Thoughtful religious voices have long addressed enduring questions about the nature and value of life, the proper relationship of individuals and families to one another, to community, to government; the related responsibilities, the ethics and morality that should govern these relationships.

In short, thoughtful religious voices can raise and illuminate serious ethical questions that might not otherwise be seriously examined. Of special importance they are among the thoughtful voices that can counter the wrong turns of reason, science and the law.

And these do go wrong.

De jure segregation, segregation imposed by law, was a product of government, of twisted reason and the law. The Tuskegee syphilis research was a product of reason and science unhinged from basic values of human decency. (For 40 years, the U.S. Public Health Service studied 400 poor black men who had syphilis, men who were never informed they had it, and were not treated for it, even after penicillin became available.)

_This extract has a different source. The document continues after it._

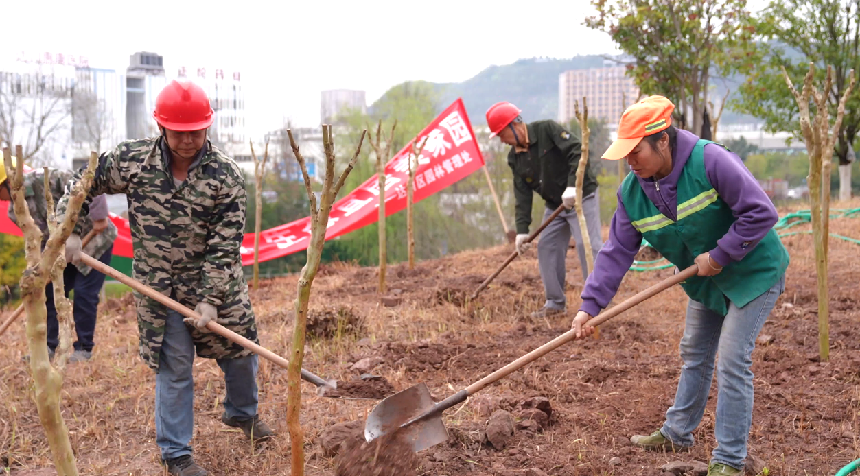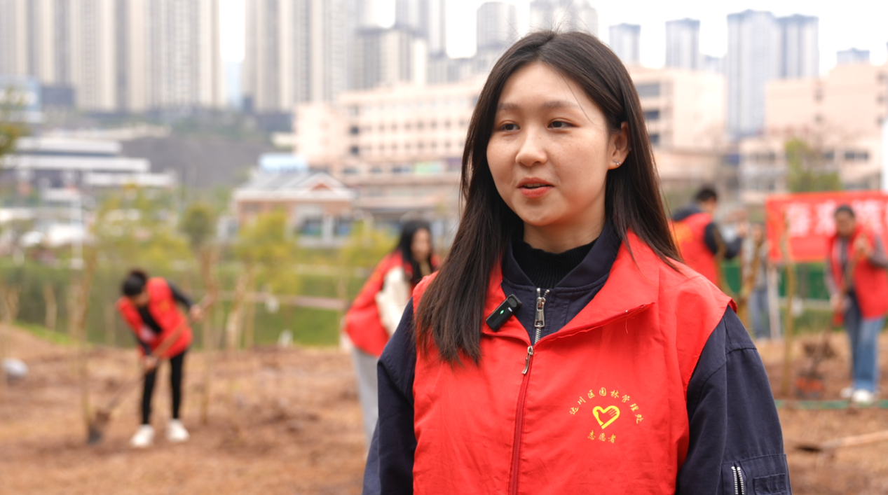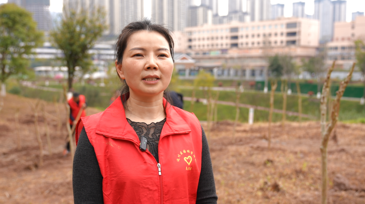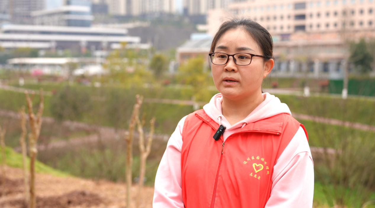 达州市达川区园林管理处职工 李思瑶:今天植树出了一身汗,看着亲手种的树苗特别有成就感,等这些树长大,以后市民来逛公园也会觉得更漂亮、更舒服。

Anyone who thinks such abominations are strictly a thing of the past has little knowledge of the darker recesses of the human heart. Nor do they recognize the vast possibilities for going morally and ethically astray as we deal with:

• a health care system that within a decade could be overburdened by baby-boomers;

• our expanding powers to manipulate life;

• changing attitudes about the nature of life that are producing a serious euthanasia movement.

Religion, of course, does not speak with one voice. It speaks with a range of voices across the political spectrum and from opposite sides of issues.

Some religious voices are welcomed into the public debate, though the welcome often depends on the welcomer’s politics. Some religious groups oppose war, advocate more government money for programs aimed at the poor and homeless, lobby for health care reform or more money for AIDS research.

These actions are widely accepted as being proper for religious groups, and seldom does anyone claim these groups are trying to force their religion on others. Many who welcome these religious voices into the public arena, however, do not welcome those that speak out in ways they dislike on stem cell research, euthanasia, abortion and related issues.

Like Douglas all those years ago, they would bar these religious voices from the debate.

But religious voices, thoughtful and thoughtless, should be heard on these matters, just as thoughtful and thoughtless secular voices are heard.

The First Amendment protects them all, an open and honest debate would welcome them, a healthy debate needs them.

Tack Cornelius, a writer who lives in Gainesville, is a member of Pine Crest Baptist Church.